Mon, 29th Apr 2024 14:19

ABU DHABI, April 29 (Reuters) - Abu Dhabi offered a first look inside the financials of its youngest sovereign wealth fund ADQ on Monday as it hired banks for a dual-tranche dollar denominated inaugural bond.

Formally known as Abu Dhabi Developmental Holding Co, ADQ is pursuing a debt sale to help diversify its funding sources for future acquisitions, a person familiar with the matter told Reuters.

ADQ is the smallest of Abu Dhabi's three main sovereign wealth funds behind Abu Dhabi Investment Authority and Mubadala Investment Co. It was established in 2018 and is chaired by Sheikh Tahnoon bin Zayed al-Nahyan, who is the United Arab Emirates' national security adviser and the brother of its president.

Likened to Singapore's sovereign wealth fund Temasek, ADQ started out as a holding company for government assets including Abu Dhabi's ports, stock exchange and a nuclear power company.
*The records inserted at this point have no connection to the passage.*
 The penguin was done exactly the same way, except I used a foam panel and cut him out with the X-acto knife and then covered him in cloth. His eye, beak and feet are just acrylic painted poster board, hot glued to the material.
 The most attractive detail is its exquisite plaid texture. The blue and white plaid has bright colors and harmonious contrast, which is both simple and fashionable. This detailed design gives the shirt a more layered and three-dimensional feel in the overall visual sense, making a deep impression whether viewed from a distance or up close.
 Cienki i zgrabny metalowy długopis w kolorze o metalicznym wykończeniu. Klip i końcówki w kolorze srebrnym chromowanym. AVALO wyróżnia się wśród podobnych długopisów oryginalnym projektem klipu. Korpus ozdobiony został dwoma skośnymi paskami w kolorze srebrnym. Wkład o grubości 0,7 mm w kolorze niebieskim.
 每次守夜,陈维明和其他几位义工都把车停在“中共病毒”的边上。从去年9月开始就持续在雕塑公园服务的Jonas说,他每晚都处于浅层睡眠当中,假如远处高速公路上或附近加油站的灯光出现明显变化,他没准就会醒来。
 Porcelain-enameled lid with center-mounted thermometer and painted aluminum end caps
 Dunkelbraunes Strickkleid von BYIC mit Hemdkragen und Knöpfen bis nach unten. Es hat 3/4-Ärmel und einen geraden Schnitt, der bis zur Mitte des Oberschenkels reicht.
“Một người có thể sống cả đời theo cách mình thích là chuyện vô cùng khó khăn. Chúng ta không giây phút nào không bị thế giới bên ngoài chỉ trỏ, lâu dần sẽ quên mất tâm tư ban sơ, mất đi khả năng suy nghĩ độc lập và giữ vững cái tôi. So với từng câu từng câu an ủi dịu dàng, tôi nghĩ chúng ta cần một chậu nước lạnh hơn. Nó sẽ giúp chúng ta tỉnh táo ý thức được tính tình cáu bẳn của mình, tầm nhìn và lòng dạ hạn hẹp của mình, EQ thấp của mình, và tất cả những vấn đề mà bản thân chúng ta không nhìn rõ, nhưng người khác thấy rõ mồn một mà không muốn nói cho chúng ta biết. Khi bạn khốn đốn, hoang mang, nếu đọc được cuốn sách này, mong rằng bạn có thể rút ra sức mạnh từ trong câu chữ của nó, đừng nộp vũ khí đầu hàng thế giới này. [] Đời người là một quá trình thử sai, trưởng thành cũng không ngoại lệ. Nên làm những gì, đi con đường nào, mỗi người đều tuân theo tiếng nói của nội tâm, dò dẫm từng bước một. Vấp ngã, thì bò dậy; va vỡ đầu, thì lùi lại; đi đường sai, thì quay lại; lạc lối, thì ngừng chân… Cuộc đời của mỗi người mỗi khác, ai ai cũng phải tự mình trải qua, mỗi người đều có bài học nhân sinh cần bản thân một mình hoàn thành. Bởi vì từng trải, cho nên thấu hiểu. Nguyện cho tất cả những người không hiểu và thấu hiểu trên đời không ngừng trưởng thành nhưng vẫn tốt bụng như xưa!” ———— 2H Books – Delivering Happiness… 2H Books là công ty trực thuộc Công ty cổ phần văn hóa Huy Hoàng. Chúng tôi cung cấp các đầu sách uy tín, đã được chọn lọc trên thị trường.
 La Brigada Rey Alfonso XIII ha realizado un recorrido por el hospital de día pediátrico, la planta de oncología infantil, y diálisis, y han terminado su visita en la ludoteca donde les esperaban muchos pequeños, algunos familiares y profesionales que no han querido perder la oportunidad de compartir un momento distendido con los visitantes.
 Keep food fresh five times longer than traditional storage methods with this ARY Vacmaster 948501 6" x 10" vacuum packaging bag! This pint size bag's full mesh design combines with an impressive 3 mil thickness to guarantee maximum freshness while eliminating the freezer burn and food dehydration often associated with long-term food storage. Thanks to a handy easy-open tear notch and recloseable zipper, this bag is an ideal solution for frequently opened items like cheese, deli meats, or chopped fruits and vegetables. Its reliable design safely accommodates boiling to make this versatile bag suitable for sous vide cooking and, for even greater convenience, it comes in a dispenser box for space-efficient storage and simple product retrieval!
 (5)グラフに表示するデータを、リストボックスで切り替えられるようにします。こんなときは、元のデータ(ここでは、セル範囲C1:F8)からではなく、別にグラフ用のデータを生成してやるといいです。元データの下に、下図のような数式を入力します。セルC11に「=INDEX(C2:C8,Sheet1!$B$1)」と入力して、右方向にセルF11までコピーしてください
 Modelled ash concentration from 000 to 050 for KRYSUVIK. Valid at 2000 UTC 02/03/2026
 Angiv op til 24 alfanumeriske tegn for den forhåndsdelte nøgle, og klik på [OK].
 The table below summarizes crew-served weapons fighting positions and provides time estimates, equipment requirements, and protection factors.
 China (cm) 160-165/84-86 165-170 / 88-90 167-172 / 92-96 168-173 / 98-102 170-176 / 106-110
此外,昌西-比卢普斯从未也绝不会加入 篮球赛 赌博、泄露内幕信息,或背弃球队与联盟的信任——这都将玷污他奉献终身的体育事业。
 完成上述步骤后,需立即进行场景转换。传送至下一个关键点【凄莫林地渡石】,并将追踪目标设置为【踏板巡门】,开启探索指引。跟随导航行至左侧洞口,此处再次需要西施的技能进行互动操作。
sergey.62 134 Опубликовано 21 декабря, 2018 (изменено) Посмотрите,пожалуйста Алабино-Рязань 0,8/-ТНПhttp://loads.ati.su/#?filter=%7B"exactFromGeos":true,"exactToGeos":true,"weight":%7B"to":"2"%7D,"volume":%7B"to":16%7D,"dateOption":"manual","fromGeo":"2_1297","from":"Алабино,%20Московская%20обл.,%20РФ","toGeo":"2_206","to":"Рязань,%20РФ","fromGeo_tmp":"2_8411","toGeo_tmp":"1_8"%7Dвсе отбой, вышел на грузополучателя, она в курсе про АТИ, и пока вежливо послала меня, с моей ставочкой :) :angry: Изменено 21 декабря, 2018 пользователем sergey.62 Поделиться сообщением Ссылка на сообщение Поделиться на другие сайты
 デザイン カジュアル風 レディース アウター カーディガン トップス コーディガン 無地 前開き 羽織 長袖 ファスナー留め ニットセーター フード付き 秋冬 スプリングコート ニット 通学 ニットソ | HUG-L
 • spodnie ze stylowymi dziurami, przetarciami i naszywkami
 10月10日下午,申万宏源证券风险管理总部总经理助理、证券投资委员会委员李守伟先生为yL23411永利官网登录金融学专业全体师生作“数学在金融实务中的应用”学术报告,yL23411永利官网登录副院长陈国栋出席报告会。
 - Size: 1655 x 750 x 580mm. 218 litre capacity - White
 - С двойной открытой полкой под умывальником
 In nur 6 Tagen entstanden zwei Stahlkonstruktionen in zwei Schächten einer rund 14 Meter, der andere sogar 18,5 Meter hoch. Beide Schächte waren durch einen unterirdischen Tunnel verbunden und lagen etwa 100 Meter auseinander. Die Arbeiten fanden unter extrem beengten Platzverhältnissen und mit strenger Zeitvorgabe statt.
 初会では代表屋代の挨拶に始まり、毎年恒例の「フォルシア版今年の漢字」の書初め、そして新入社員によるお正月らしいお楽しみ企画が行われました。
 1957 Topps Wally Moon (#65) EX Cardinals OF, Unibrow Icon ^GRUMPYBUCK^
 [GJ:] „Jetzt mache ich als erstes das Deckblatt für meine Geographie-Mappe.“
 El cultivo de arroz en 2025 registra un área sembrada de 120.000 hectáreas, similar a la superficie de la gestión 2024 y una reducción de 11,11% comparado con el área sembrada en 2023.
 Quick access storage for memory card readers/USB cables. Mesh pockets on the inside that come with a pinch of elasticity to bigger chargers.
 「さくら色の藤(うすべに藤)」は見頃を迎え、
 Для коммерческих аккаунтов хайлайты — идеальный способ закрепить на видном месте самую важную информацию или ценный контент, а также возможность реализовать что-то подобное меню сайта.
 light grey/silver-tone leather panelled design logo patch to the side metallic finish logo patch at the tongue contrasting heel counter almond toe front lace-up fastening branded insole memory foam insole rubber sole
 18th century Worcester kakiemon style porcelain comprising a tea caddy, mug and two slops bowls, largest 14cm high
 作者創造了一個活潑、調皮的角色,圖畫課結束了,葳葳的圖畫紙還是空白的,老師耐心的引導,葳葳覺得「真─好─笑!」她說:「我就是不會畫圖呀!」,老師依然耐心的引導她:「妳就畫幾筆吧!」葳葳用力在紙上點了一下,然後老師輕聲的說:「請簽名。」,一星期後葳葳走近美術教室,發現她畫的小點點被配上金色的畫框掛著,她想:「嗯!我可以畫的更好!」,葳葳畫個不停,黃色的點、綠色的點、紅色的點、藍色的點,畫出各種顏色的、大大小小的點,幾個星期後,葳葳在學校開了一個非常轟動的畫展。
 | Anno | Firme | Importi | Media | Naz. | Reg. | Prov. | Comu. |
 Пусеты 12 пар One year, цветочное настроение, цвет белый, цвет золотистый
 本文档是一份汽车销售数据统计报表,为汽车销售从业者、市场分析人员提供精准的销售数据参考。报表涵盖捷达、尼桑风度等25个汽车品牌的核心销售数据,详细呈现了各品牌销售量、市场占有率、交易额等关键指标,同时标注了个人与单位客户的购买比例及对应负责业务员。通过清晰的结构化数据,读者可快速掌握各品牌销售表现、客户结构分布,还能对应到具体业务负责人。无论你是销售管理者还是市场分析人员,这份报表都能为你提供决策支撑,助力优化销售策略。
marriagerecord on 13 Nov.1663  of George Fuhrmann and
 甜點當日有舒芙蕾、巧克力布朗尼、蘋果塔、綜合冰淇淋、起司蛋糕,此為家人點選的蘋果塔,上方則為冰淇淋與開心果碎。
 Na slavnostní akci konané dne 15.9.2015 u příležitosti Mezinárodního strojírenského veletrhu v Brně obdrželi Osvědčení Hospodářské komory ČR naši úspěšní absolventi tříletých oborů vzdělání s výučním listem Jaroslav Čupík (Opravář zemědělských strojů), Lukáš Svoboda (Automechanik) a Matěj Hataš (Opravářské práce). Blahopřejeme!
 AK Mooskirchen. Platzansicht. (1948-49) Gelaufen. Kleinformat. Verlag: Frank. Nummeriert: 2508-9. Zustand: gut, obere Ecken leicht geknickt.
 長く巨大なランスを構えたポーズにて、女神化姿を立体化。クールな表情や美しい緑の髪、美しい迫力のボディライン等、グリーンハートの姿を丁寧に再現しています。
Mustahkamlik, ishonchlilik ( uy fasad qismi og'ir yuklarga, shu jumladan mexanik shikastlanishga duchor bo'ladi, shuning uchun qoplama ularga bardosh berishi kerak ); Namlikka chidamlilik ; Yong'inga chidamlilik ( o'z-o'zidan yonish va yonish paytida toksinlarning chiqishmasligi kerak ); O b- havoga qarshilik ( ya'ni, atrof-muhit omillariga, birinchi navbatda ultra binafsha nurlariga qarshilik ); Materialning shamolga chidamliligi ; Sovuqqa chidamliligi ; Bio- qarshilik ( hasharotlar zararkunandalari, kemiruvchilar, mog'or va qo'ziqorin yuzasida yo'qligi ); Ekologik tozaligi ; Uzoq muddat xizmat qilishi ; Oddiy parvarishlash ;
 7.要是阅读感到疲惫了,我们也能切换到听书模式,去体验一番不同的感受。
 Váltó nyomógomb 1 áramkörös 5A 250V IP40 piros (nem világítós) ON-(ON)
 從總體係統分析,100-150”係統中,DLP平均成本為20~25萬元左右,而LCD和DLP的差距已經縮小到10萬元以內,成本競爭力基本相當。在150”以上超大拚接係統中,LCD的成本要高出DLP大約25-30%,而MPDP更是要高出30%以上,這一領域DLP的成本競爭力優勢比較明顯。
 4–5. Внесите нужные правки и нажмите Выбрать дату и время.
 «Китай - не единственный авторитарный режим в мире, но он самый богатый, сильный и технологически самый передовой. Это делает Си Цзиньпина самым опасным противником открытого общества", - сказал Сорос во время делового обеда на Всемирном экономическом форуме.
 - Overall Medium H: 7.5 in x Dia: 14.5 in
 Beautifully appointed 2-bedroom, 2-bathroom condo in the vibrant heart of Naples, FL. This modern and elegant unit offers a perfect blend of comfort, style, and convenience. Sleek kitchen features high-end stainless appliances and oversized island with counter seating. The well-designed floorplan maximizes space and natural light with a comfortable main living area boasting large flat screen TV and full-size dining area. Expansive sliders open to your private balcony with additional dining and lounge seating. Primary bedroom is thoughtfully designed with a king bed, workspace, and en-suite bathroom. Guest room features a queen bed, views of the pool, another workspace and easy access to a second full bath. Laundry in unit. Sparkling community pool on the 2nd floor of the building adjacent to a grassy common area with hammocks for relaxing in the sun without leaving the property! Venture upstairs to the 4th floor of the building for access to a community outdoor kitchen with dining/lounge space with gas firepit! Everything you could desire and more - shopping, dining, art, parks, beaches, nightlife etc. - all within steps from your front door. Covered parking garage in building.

It consolidated and privatised some of those assets, using local equity listings to build domestic champions, and then began its push into companies outside the UAE, often choosing markets battered by high inflation or currency devaluations.

The group, which includes ADQ's subsidiaries and shareholdings, reported consolidated revenue of 111.7 billion dirhams for 2023, up from 99.6 billion dirhams the previous year, according to a financial statement on its website.

The group's consolidated profit attributable to owners of the company rose to 16.1 billion dirhams in 2023, up from 11.43 billion dirhams in 2022.

ADQ is fully owned by the Abu Dhabi government which last week returned to global debt markets for the first time in three years with a $5 billion bond sale amid strong investor appetite for high grade regional credits.

The emirate has leaned on its sovereign investment funds, especially ADQ, to accelerate efforts to diversify non-oil sectors such as tourism and transportation, logistics, and manufacturing, as part of its economic transition strategy.

Citigroup, Credit Agricole, First Abu Dhabi Bank, Goldman Sachs International, HSBC and Standard Chartered are joint global coordinators and active bookrunners on the deal, which is expected to be sold in 5- and 10-year tenures, IFR reported on Monday.

The mandated banks will hold a global investor call and fixed income meetings ahead of any deal which is reported to be benchmark in size, typically understood to be at least $500 million.

ADQ has been a vehicle for the UAE's investments in Egypt, and in February signed a deal with the government to develop a prime stretch of its Mediterranean coast, slated to bring $35 billion of investment to the indebted country.